I am currently using the SharpZip api to handle my zip file entries. It works splendid for zipping and unzipping. Though, I am having trouble identifying if a file is a zip or not. I need to know if there is a way to detect if a file stream can be decompressed. Originally I used

FileStream lFileStreamIn = File.OpenRead(mSourceFile);
lZipFile = new ZipFile(lFileStreamIn);
ZipInputStream lZipStreamTester = new ZipInputStream(lFileStreamIn, mBufferSize);// not working
lZipStreamTester.Read(lBuffer, 0, 0);
if (lZipStreamTester.CanDecompressEntry)
{

The LZipStreamTester becomes null every time and the if statement fails. I tried it with/without a buffer. Can anybody give any insight as to why? I am aware that i can check for file extension. I need something that is more definitive than that. I am also aware that zip has a magic #(PK something), but it isn't a guarantee that it will always be there because it isn't a requirement of the format.
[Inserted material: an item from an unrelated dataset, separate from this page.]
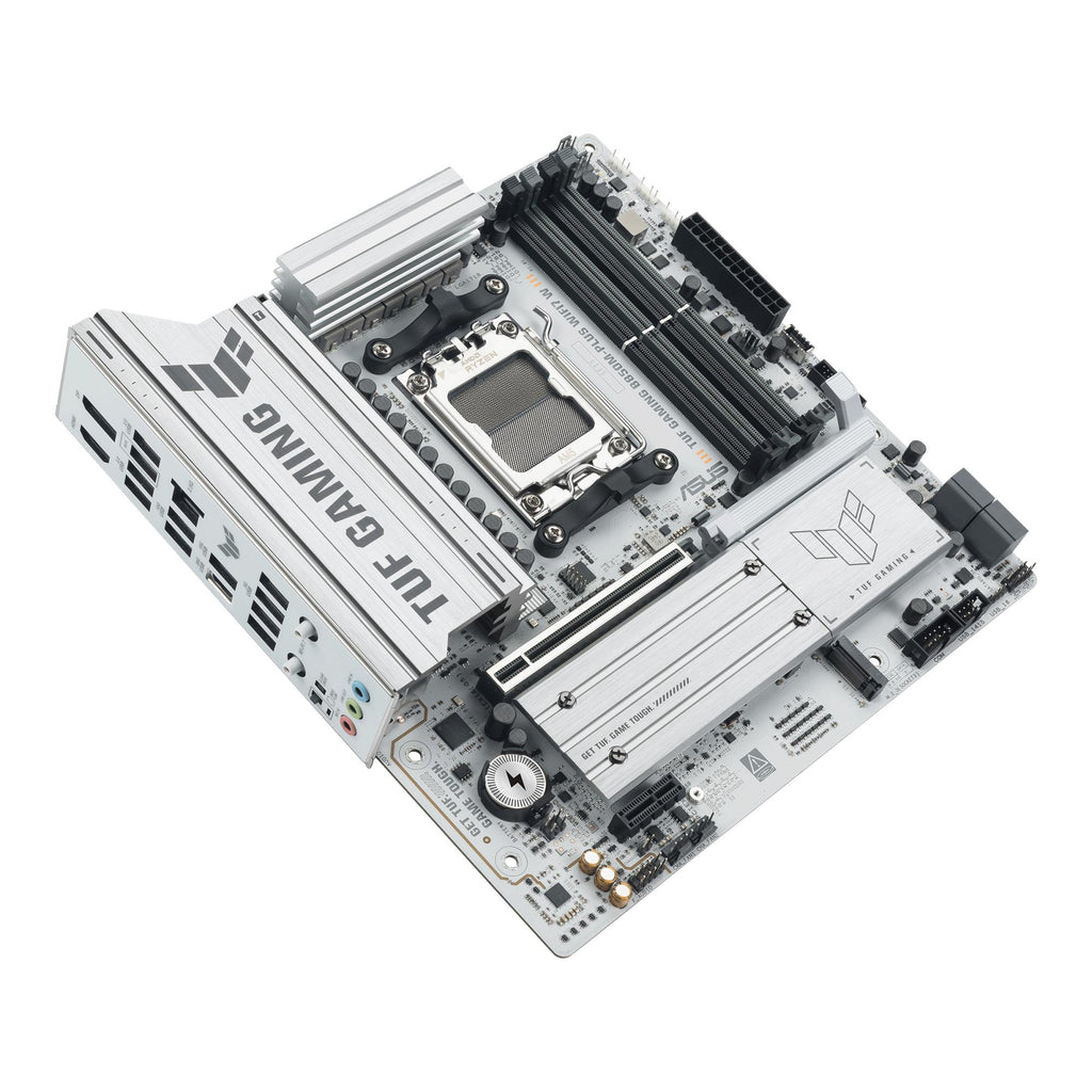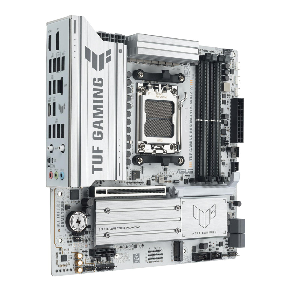 TUF GAMING B850M-PLUS WIFI7 W ASUS TUF GAMING B850M-PLUS WIFI7 W takes all the essential elements of the latest AMD Ryzen™ processors and combines them with game-ready features and proven durability. Engineered with military-grade components, an upgraded power solution and a comprehensive cooling system, this motherboard goes beyond expectations with rock-solid and stable performance for marathon gaming. TUF GAMING motherboards also undergo rigorous endurance testing to ensure that they can handle conditions where others may fail. This platform delivers the power and connectivity that advanced AI PC applications demand.

Also i read about .net 4.5 having native zip support so my project may migrate to that instead of sharpzip but I still need didn't see a method/param similar to CanDecompressEntry here: http://msdn.microsoft.com/en-us/library/3z72378a%28v=vs.110%29

My last resort will be to use a try catch and attempt an unzip on the file.

Answer

dkackman picture dkackman · Aug 17, 2012

This is a base class for a component that needs to handle data that is either uncompressed, PKZIP compressed (sharpziplib) or GZip compressed (built in .net). Perhaps a bit more than you need but should get you going. This is an example of using @PhonicUK's suggestion to parse the header of the data stream. The derived classes you see in the little factory method handled the specifics of PKZip and GZip decompression.

abstract class Expander
{
    private const int ZIP_LEAD_BYTES = 0x04034b50;
    private const ushort GZIP_LEAD_BYTES = 0x8b1f;

    public abstract MemoryStream Expand(Stream stream); 
    
    internal static bool IsPkZipCompressedData(byte[] data)
    {
        Debug.Assert(data != null && data.Length >= 4);
        // if the first 4 bytes of the array are the ZIP signature then it is compressed data
        return (BitConverter.ToInt32(data, 0) == ZIP_LEAD_BYTES);
    }

    internal static bool IsGZipCompressedData(byte[] data)
    {
        Debug.Assert(data != null && data.Length >= 2);
        // if the first 2 bytes of the array are theG ZIP signature then it is compressed data;
        return (BitConverter.ToUInt16(data, 0) == GZIP_LEAD_BYTES);
    }

    public static bool IsCompressedData(byte[] data)
    {
        return IsPkZipCompressedData(data) || IsGZipCompressedData(data);
    }

    public static Expander GetExpander(Stream stream)
    {
        Debug.Assert(stream != null);
        Debug.Assert(stream.CanSeek);
        stream.Seek(0, 0);

        try
        {
            byte[] bytes = new byte[4];

            stream.Read(bytes, 0, 4);

            if (IsGZipCompressedData(bytes))
                return new GZipExpander();

            if (IsPkZipCompressedData(bytes))
                return new ZipExpander();

            return new NullExpander();
        }
        finally
        {
            stream.Seek(0, 0);  // set the stream back to the begining
        }
    }
}